You are my calm and I am your wild
by AussieJM
Summary: A conversation I wish had taken place between my all time favourite couple Steffy Forester and Liam Spencer, after Ivy confessed her love got Liam. This is my First ever FanFic so any and all feedback would be amazing!


This takes place just after Steffy overhears Liam and Ivy's conversation about love.

"I am not mad Liam... I'm not, i swear to you. I'm, I'm just disappointed" Steffy says with a heavy heart. "you know I thought it would be different this time around, i thought we would have learnt from the endless Hope Liam Steffy love triangle. I thought that this was our time, our final time, that we would get our shit together, that we would work it all out for Aspens sake, that we would honor her memory. That when Aspen became a big sister the only dramas in our lives would be us running out of whatever the hell I am craving in that very moment. I guess I was wrong Liam."

"What are you talking about Steffy? You know darn well that I love you! If I didn't love you with all my heart I wouldn't have proposed to you. As for Aspen I miss her every day! One day we will look back and realise that she was the guiding light that continually brought us back together. You know I like to think that my heart is made up of so many compartments, there is one for my mum, my Dad and my Brothers, places for past lovers who have all taught me things about love, but do you know who owns the biggest piece of my heart? It's yours baby, a huge chunk of my heart is yours forever! But Aspen, she **IS** my heart. So yeah I hope by the time we decide to make her a big sister this, whatever this is, has settled down in a major way. I want the only dramas that we face to be you wanting crunchy peanut butter at 3 in the morning when we only have smooth!" Liam tearfully declares.

"You remembered that?" Steffy queried. "I remember it all baby, every kick, the sound of her little heart at the sonogram, every craving you had. It is all ingrained in my memories, locked away in a safe place that i visit every single day. You know I think about her all the time, what she would look like, who she would take after, would she be a quiet gentle little girl with a daredevil streak. Would she be a wild child and I be her calm, just like I am your calm. But most importantly would I be the father she needed me to be, would I know how to love her implicitly, would I know how to give her all that she needs, would she know how much daddy loved her, still loves her?" an emotional Liam states while staring at the floor.

"Baby, Liam look at me!" Steffy urges while pulling Liam's seated body against her torso into a tight embrace. "She knows... She knows how much we loved her, how much we still love her, that we miss her every single day.
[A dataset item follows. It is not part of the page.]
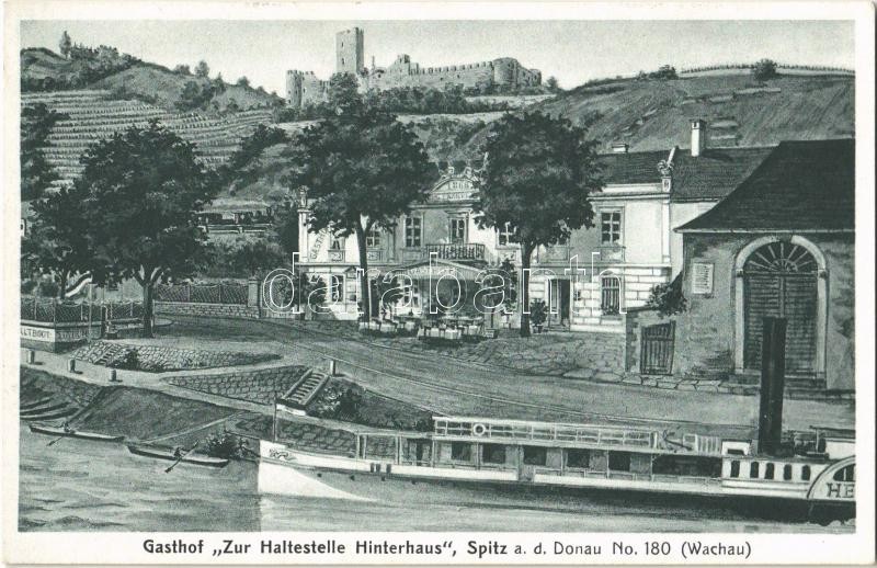 Beschreibung: 1931 Spitz an der Dunau (Wachau), Gasthof "Zur Haltestelle Hinterhaus" / inn, hotel, castle, steamship

She knows that her daddy is her safe haven, hers and mummys calm. She knows that you, my love, would have been the best Daddy possible for her. But do you know what the most important thing that she knows is? She knows that you're going to make the best daddy to her little brother or sister! She knows that you are going to make the next 7 months drama free for her, for mummy, for you, but most importantly for this little munchkin!" Steffy tearfully whispers while rubbing the barely noticeable bump that is her belly.

Liam gazes up lovingly towards Steffy, pleading with his eye that what he thinks he just heard is really happening. "please tell me what I think you are telling me is true!"

"Well Daddy, that depends on what you think I am telling you!"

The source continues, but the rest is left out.